My mid-80s obsessions ran the gamut from Miami Vice to Ivan Boesky, from Andrew McCarthy to the hijacking of TWA flight 847. And of course, living through the last gasps of the Cold War was large part of my teenage experience. For me, the Soviet Union was this weird, romantic enigma. Sure, they were our enemies who had the potential to blow us off the map, but have you seen the video for Elton John’s Nikita? Nothing was hotter to a pubescent girl than fighting against your oppressive government to find love behind barbed wire. Some of y’all were reading reading Sweet Valley High, while I was reading John le Carre’s The Russia House.
And if there comes a time
Guns and gates no longer hold you in
And if you’re free to make a choice
Just look towards the west and find a friendOh Nikita you will never know, anything about my home
I’ll never know how good it feels to hold you
Nikita I need you so
Oh Nikita is the other side of any given line in time
Counting ten tin soldiers in a row
Oh no, Nikita you’ll never know
This is all to say that when the Chernobyl nuclear disaster happened in the spring of 1986, I was pumping that information directly into my veins.
She’s Gonna Blow
I say “she’s gonna blow” but I’m not sure if nuclear power plants are masculine or feminine. Since they give you what you want (power) with the chance to ruin you (fallout), I’m going to assume nuclear power plants are referred to as “she.”
On April 25, 1986, the Chernobyl nuclear reactor #4 in Pripyat, Soviet Ukraine, ignited during a flawed systems test. Radioactive plumes from the fire entered the atmosphere and eventually covered large swaths of the Soviet Union and into Europe, especially Belarus. One facility worker died during the explosion, and one firefighter died within hours due to immediate radiation exposure. Twenty-eight firefighters died within the next several months following their service trying to put out the fire which burned into the month of May, while hundreds more succumbed over the year to cancer-related deaths.
Two days after the explosion, the evacuation of the town began, and on April 28th, the following was read on the Vreyma newcast:
There has been an accident at the Chernobyl Nuclear Power Plant. One of the nuclear reactors was damaged. The effects of the accident are being remedied. Assistance has been provided for any affected people. An investigative commission has been set up.
Because the country also known as CCCP — thanks, Soviet Olympic uniforms! — was shrouded in secrecy, the Chernobyl Disaster had an additional layer of menace. It was a terrifying mix of bad Soviet crisis management and global health implications.
“There Was Nothing Sane About Chernobyl”
HBO’s “Chernobyl” premiers this week, starring Jared Harris, Stellan Skarsgård and Emily Watson.
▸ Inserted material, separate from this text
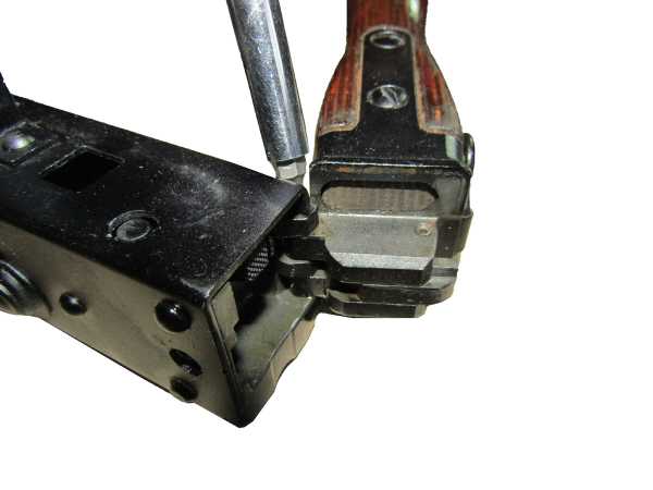 Первое опциональное цевье поставил от РПК. потребовалось слегка распилить часть цевья, которая входит в ствольную коробку, «зуб» и немного внутри цевья, чтоб оно наделось на расширяющийся к патроннику ствол. никаких особых достоинств у такого цевья нет. хват неудобный, цевье скользкое. Но антуражность АКСУ зашкаливает. в комплекте с таким цевьем надо для 12к обязательно сделать дтк в стиле того же аксу и продавать их комплектом+ еще рамочный складной стальной приклад.

The five-part miniseries dramatizes the events of the reactor explosion, the Soviet response, and the impact on the town, with the dark and creepy mood of a horror film. Radiation is the worst kind of a killer, because it’s one that we can’t see. Watching the townspeople stare up at the explosion or the workers splashing around the cooling tower water in what looks to be no thicker than hospital scrubs creates a “Oh honey, no, what is you doing!” sense of doom.
The Soviet regime wanting to diminish the impact of the explosion is alarming, while the sound of the Geiger counter going off is downright blood chilling. Containment was the word of the day: contain the fallout, contain the spread of information. Sounds a bit like our current regime when it comes to climate change. Harris’ plays Soviet nuclear physicist, Valery Legasov, and he puts it best. “Madness.”
I cannot wait to watch. The 13-year-old girl in me will be there with my Tretorns on and with Clairol Pazazz mousse in my hair. The show triggers a bizarre sense of nostalgia, and it also provides the true-crime content I shovel into my brain. And I would by lying if I didn’t say I was wondering how Phillip and Elizabeth Jennings reacted to the events in real time. I’m picturing Elizabeth standing in front of her beloved Kenmore dishwasher, listening to the radio, the vein on her forehead popping, cursing Gorbachev. “This would never have happened under Andropov.”